An aggregation that returns interesting or unusual occurrences of terms in a set.

```
FUNCTION zdb.significant_terms_two_level(
index regclass,
first_field text,
second_field text,
query zdbquery,
size bigint DEFAULT 0)
RETURNS TABLE (
first_term text,
second_term text,
doc_count bigint,
score numeric,
bg_count bigint,
doc_count_error_upper_bound bigint,
sum_other_doc_count bigint)
```

An adaption of `zdb.significant_terms()`

where it uses `zdb.terms()`

for the terms from `first_field`

and `zdb.significant_terms()`

for the terms for `second_field`

.

```
FUNCTION zdb.significant_text(
index regclass,
field text,
query zdbquery,
sample_size int DEFAULT 0,
filter_duplicate_text boolean DEFAULT true)
RETURNS TABLE (
term text,
doc_count bigint,
score numeric,
bg_count bigint)
```

See Elastic's Significant Text Aggregation documentation.

An aggregation that returns interesting or unusual occurrences of free-text terms in a set. It is like the significant terms aggregation but differs in that:

- It is specifically designed for use on type text fields
- It does not require field data or doc-values
- It re-analyzes text content on-the-fly meaning it can also filter duplicate sections of noisy text that otherwise tend to skew statistics.

This aggregate is only supported by Elasticsearch 6+ clusters.

```
FUNCTION zdb.stats(
index regclass,
field text,
query zdbquery)
RETURNS TABLE (
count bigint,
min numeric,
max numeric,
avg numeric,
sum numeric)
```

See Elastic's Stats Aggregation documentation.

A multi-value metrics aggregation that computes stats over numeric values extracted from the aggregated documents. These values can be extracted either from specific numeric fields in the documents.

```
CREATE TYPE terms_order AS ENUM (
'count',
'term',
'reverse_count',
'reverse_term');
FUNCTION zdb.terms(
index regclass,
field text,
query zdbquery,
size_limit bigint DEFAULT 0,
order_by terms_order DEFAULT 'count')
RETURNS TABLE (
term text,
doc_count bigint)
```

See Elastic's Terms Aggregation documentation.

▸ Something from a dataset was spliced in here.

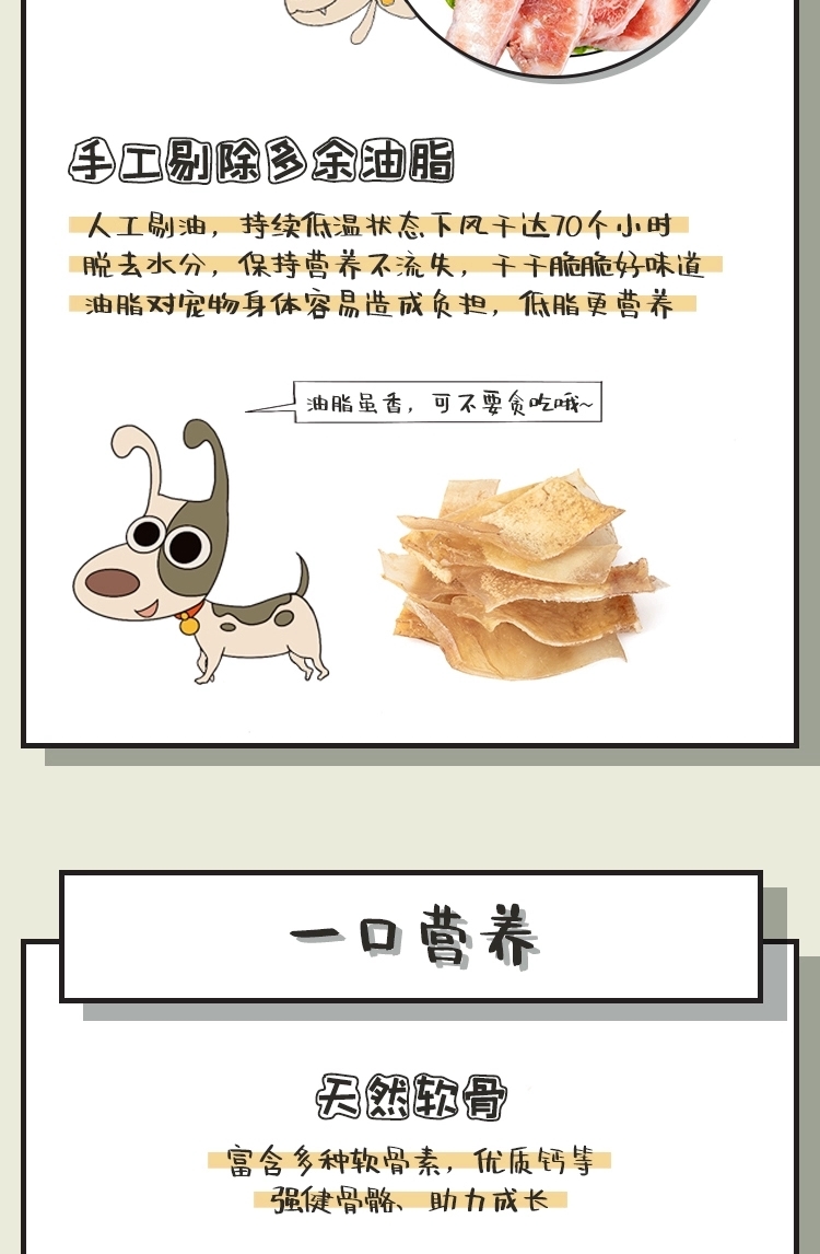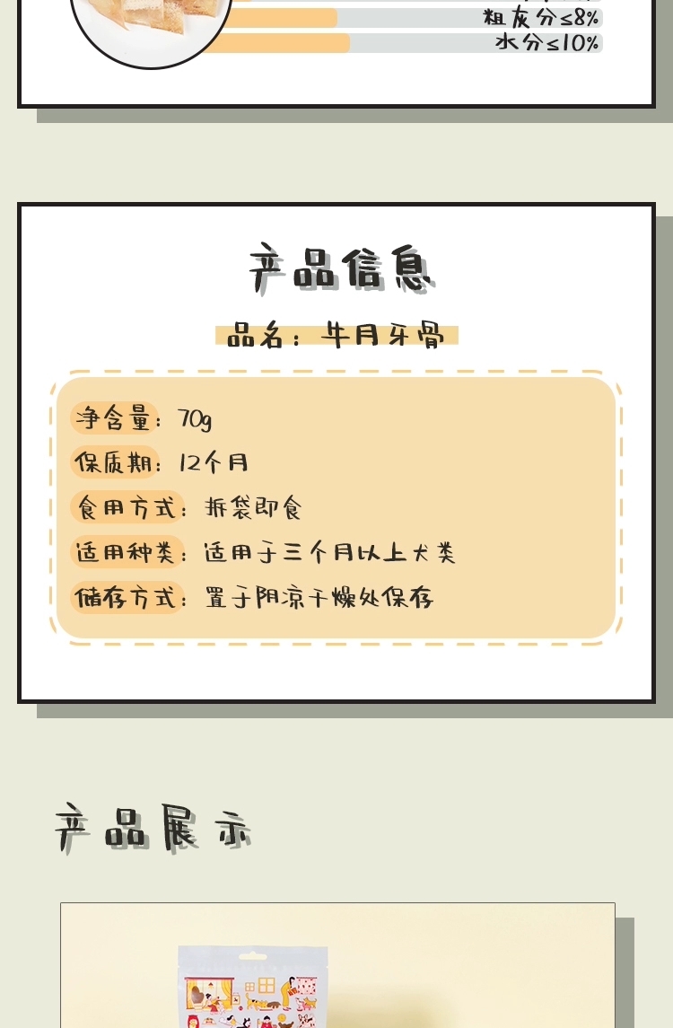 🐶喂食指南:本产品为零食,请根据宠物饮食习惯适当喂食,同时保证究物饮用水充足。

A multi-bucket value source based aggregation where buckets are dynamically built - one per unique value.

```
FUNCTION zdb.terms_array(
index regclass,
field text,
query zdbquery,
size_limit bigint DEFAULT 0,
order_by terms_order DEFAULT 'count')
RETURNS text[]
```

A version of `zdb.terms()`

that instead returns only the terms as a `text[]`

.

```
FUNCTION zdb.terms_two_level(
index regclass,
first_field text,
second_field text,
query zdbquery,
order_by terms_order DEFAULT 'count',
size bigint DEFAULT 0)
RETURNS TABLE (
first_term text,
second_term text,
doc_count bigint)
```

Similar to `zdb.significant_terms_two_level()`

, this is an adaption of `zdb.terms()`

to provide a two-level nested hierarchy of terms from two different fields.

```
FUNCTION zdb.top_hits(
index regclass,
fields text[],
query zdbquery,
size int)
RETURNS TABLE (
ctid tid,
score float4,
source json)
```

See Elastic's Top Hits Aggregation documentation.

A top_hits metric aggregator keeps track of the most relevant document being aggregated. This aggregator is intended to be used as a sub aggregator, so that the top matching documents can be aggregated per bucket.

```
FUNCTION zdb.top_hits_with_id(
index regclass,
fields text[],
query zdbquery,
size int)
RETURNS TABLE (
_id text,
score float4,
source json)
```

Similar to `zdb.top_hits()`

above, but returns the Elasticsearch document `_id`

value for each hit rather than the corresponding Postgres `ctid`

value.

This function is designed to be used with ZomboDB's low-level-api to aid in searching low-level indices, as normal SELECT statements don't return results from such indices.